Key words: Esophageal adenocarcinoma; Differentially expressed genes; Barrett's esophagus; Transcription factors; Microarray

INTRODUCTION

According to the Montreal definition and classification[1], Barrett's esophagus (BE) is defined as a specialized intestinal metaplasia condition in the distal esophagus and may progress to low-grade dysplasia, high-grade dysplasia, and esophageal adenocarcinoma (EAC), which is a chronic inflammatory process[2,3]. BE is the only recognized precursor of EAC, and BE patients have a persistent and excessive risk of EAC over time[4]. Individuals with BE are 30-125 times more likely to develop EAC than the general population, and almost 50% of EAC patients progressed from BE[5,6].The prevalence of EAC has continuously increased over the past few decades with 450000 new cases in 2008 alone[7,8]. EAC is an aggressive disease with high mortality and an overall 5-year survival rate of less than 20%[9]. Thus, early detection of EAC and BE could significantly improve the 5-year survival rate of EAC, and additional studies of pathogenesis and carcinogenesis of EAC and BE are urgently required[2,6].

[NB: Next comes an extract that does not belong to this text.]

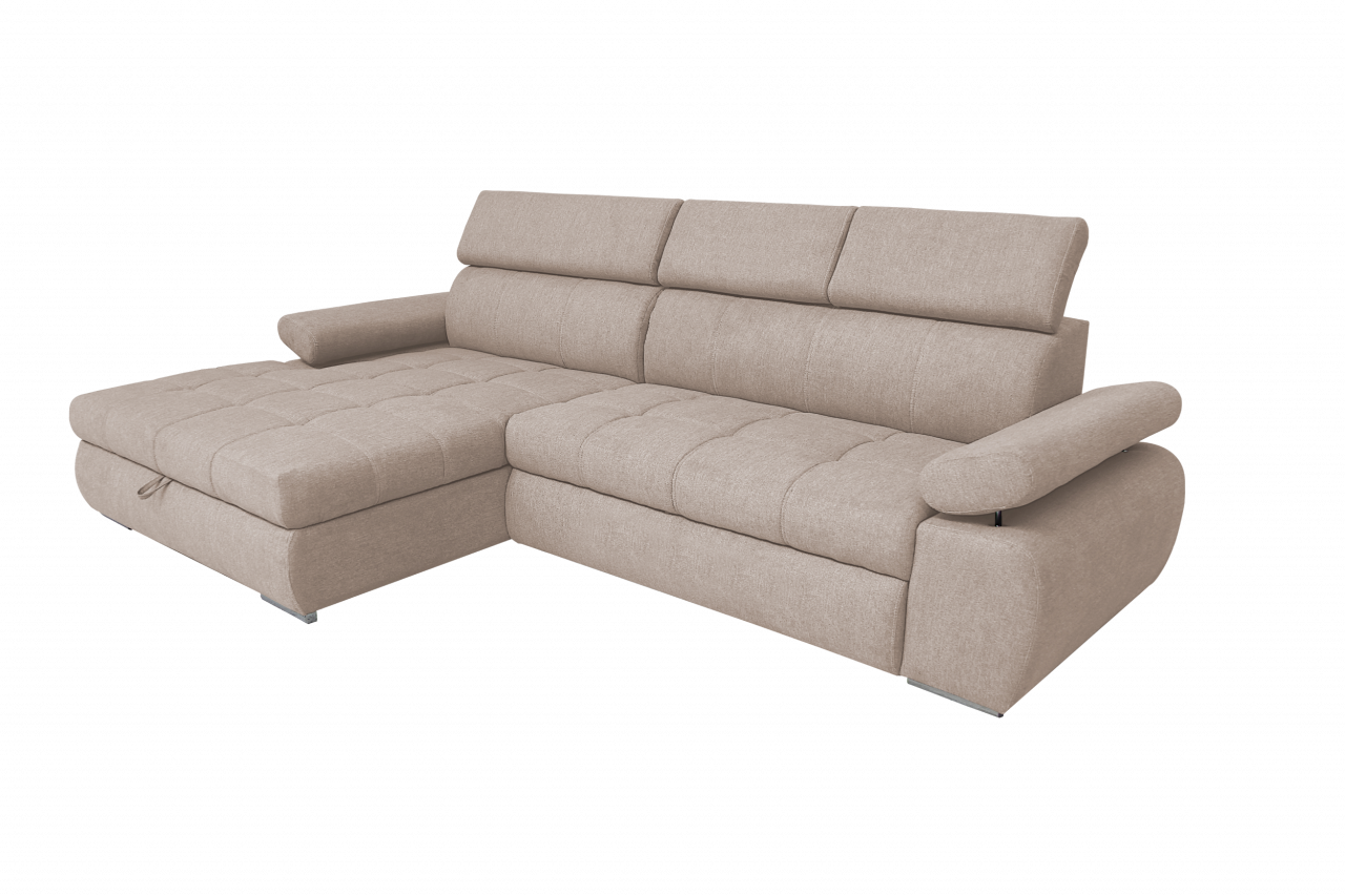 magas fekhelyes, jobbos-balos állásban rendelhető, hátulja szövettel bevonva, kiemelő mechanika, hullámrugós, szövet, ágyazható, ágyneműtartós, állítható fejtámla, állítható kartámla, 250 – 300 cm szélesség között

Due to the limitations of endoscopic surveillance and the lack of clinical risk stratification strategies available to identify BE patients who are at a higher risk of progressing to EAC, more attention has been paid to improving endoscopic techniques and to the discovery of molecular biomarkers for EAC and BE[10,11]. Panels of markers have been developed and used to explore the relationships among normal esophagus (NE), BE, and EAC, yet the molecular drivers are still not clear, and no biomarkers are currently utilized for clinical application[11]. Recently, gene profiling analysis has been introduced to explore the molecular changes in EAC and BE ,however, there are no consistent conclusions among these different studies[12-14].

In this study, we aimed to explore the changes in the transcriptome, and to determine the differentially expressed genes and their roles in the multistep morphological progression of BE and EAC based on two Gene Expression Omnibus(GEO) datasets. We screened for potential genes and determined their diagnostic value using bioinformatics analyses that were based on several tools. Using this approach, a number of potent genes and their underlying mechanisms could be identified and clarified.

MATERIALS AND METHODS

Dataset retrieval from the GEO database

The gene expression profile datasets of EAC and BE were retrieved from the GEO database (https://www.ncbi.nlm.nih.gov/geo/), and the GSE1420 and GSE26886 datasets were selected for further analyses. The GSE1420 dataset consisted of 8 NE, 8 BE, and 8 EAC samples[3]. The samples were obtained from 8 EAC patients after transhiatal esophagectomy. The GSE26886 test dataset included 19 NE, 20 BE, and 21 EAC samples.

Identification of differentially expressed genes (DEGs)

Data analysis was conducted using the R/Bioconductor project[15]. The AffyPLM package and the gcRMA algorithm were used for data preprocessing including background correction, normalization, and summarization. The Limma package was used to identify the DEGs between any two groups. Genes with a fold change (FC) of at least 1.5 and a P-value < 0.05 were considered DEGs.

Prediction and analysis of differentially expressed transcription factors (DETFs)

The transcription factor (TF)-gene regulation modes of 36 cancer-related TF families were obtained from the Transcriptional Regulatory Element Database (TRED)(http://rulai.cshl.edu/TRED)[16], including more than 170 cancer-related TFs. We then integrated the DEGs with the TF-gene regulation modes and constructed the dysregulated TF-DEGs networks. The trans-regulatory networks were visualized with the help of the Cytoscape software (v3.6.0, National Institute of General Medical Science,Bethesda, MD, United States)[17].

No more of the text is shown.